Достаточно было сказать: «Сегодня я видел Сережу Уточкина», чтобы стать на некоторое время героем дня.

Среди пестрой кучи гонщиков, стартеров с флажками, судей в котелках и цилиндрах, репортеров, толпившихся на зеленом лугу циклодрома, мы старались увидеть знакомую фигуру Уточкина — невысокого, страшно широкого в плечах, короткошеего, приземистого, слегка кривоногого, с прямым английским пробором на рыжей, гладко причесанной, как бы несколько кубической голове — нечто вроде циркового эксцентрика в своем клетчатом американском пиджаке и желтых ботинках на толстой подошве фасона «Вэра». Мы услышали, как за забором, где скопилась несметная толпа безбилетных зевак, раздаются крики: «Гип-гип-ура!» — и поняли, что это приветствуют приехавшего в экипаже Уточкина. Через минуту весь циклодром уже ревел: «Гипп-гипп-ур-р-ра!»

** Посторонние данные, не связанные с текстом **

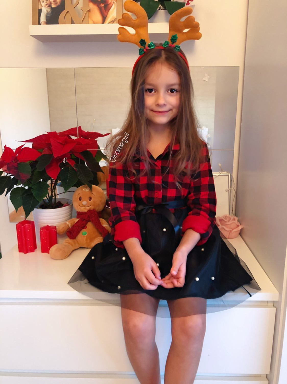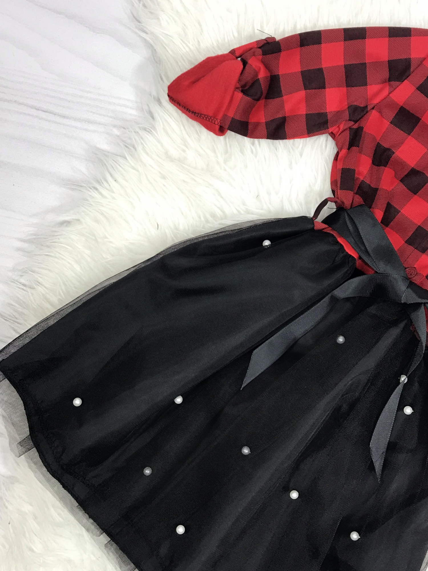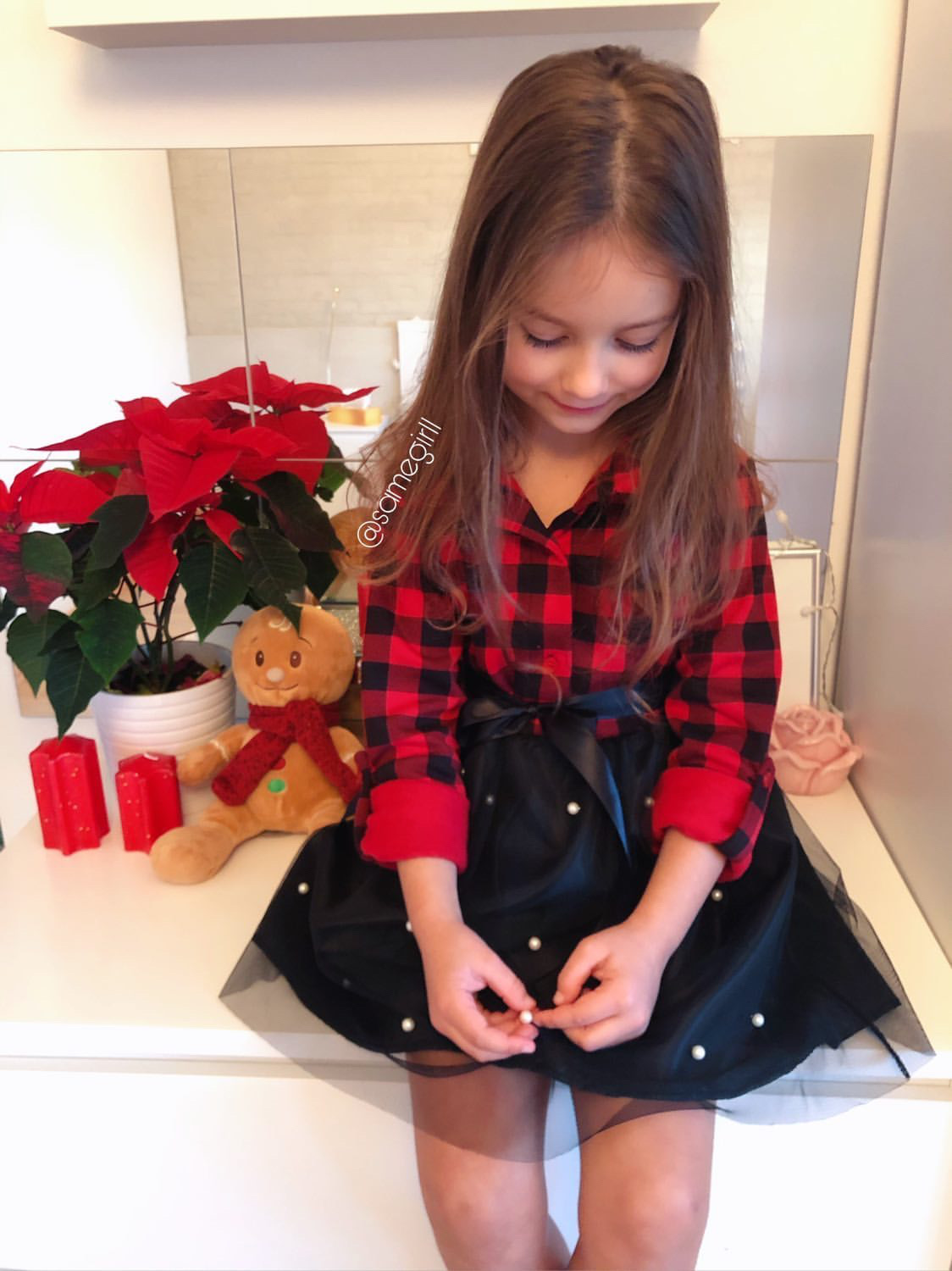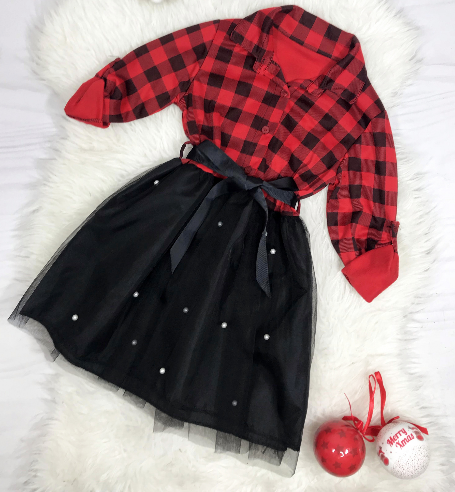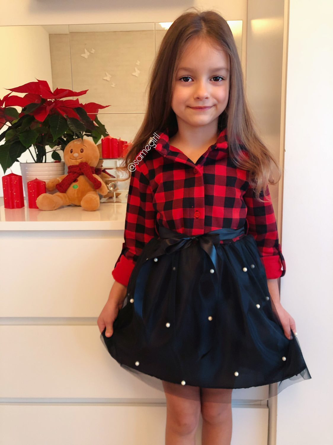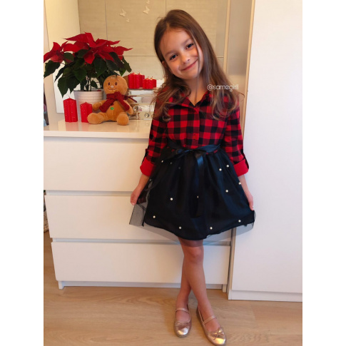 • góra w formie koszuli w kratkę, dół z tiulem na podszewce z przyszytymi perełkami
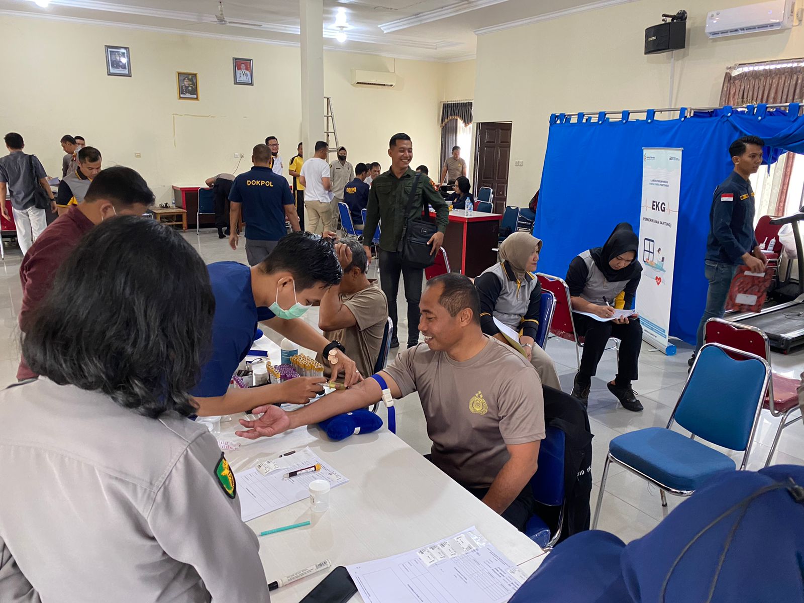 Ratusan personel Polres Sekadau mengikuti Pemeriksaan Kesehatan Berkala (Rikesla) yang dilaksanakan berkala oleh Biddokes Polda Kalbar bekerjasama dengan PT. Kimia Farma di aula Bhayangkara Patriatama Polres Sekadau, Kamis (11/5/2023) pagi.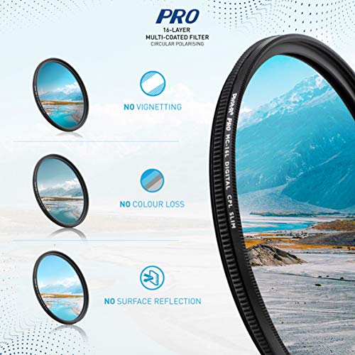 【POLARIZZAZIONE CIRCOLARE CPL】Filtra semplicemente i riflessi indesiderati di superfici non metalliche come l'acqua e il vetro, oltre a riflettere l'umidità e l'inquinamento atmosferico. Ruotare il filtro per ottenere la giusta quantità di filtrazione necessaria. Il risultato sono cieli più azzurri, foglie più verdi, riflessi ridotti o eliminati e maggiore chiarezza nell'immagine finale.

Это появился на зеленом лугу Уточкин. Однако мы не могли выделить в толпе его характерную фигуру.

Мы предчувствовали, что именно сегодня к нам снизойдет величайшее счастье: мы увидим Уточкина рядом с собой, услышим его заикающийся голос и он пройдет так близко от нас, что зацепит меня и Борю своими обнаженными руками атлета, усыпанными веснушками.

Мы не ошиблись, и вот как оправдалось наше предчувствие.

 

…сделавши несколько пробных кругов на своих легких изящных гоночных машинах с низко опущенными рулями и высоко поднятыми седлами, отчего головы гонщиков были опущены совсем низко, могучие спины круто согнуты, а зады подняты.

Циклодром бурно приветствовал появление Бадера — Уточкина — Макдональда, трех величайших велосипедистов XX века, так не похожих и вместе с тем так похожих друг на друга своими короткими штанишками, разноцветными фуфайками и волосатыми ногами, работающими как рычаги какой-то машины, пущенной полным ходом.

Бадер — добродушный, несколько полный, розовый немец с небольшой плешью, по-видимому, любитель хорошего мюнхенского пива и «картофельн залад» — картофельного салата.

Затем — наш Сережа Уточкин с бодливым, несколько выгнутым низким лбом с веснушками.

И наконец, сухой англичанин Макдональд с как бы вырезанным из дерева узким лицом и горбатым носом Шерлока Холмса над выставленным вперед волевым подбородком.

Сделав несколько кругов, чемпионы выстроились на старте, и каждого поддерживал за седло ассистент. Раздался звонок стартового колокола, духовой оркестр грянул вальс, ветер пробежал по трехцветным флагам на белых флагштоках, и Бадер — Уточкин — Макдональд понеслись по треку.

Им предстояло пройти три круга.

На первом круге вперед вырвался Макдональд, самый опасный соперник Уточкина, он обогнал нашего Сережу по крайней мере на два колеса, и когда гонщики взлетели высоко на вираж, несясь почти параллельно земле, то впереди был Макдональд, немного ниже Макдональда и на колесо отставая от него, работая атлетическими, короткими ногами, мчался Уточкин, а немец Бадер потерял темп и отстал от них почти на четыре велосипедных корпуса, опустив к рулю красное лицо, по которому уже струился пот.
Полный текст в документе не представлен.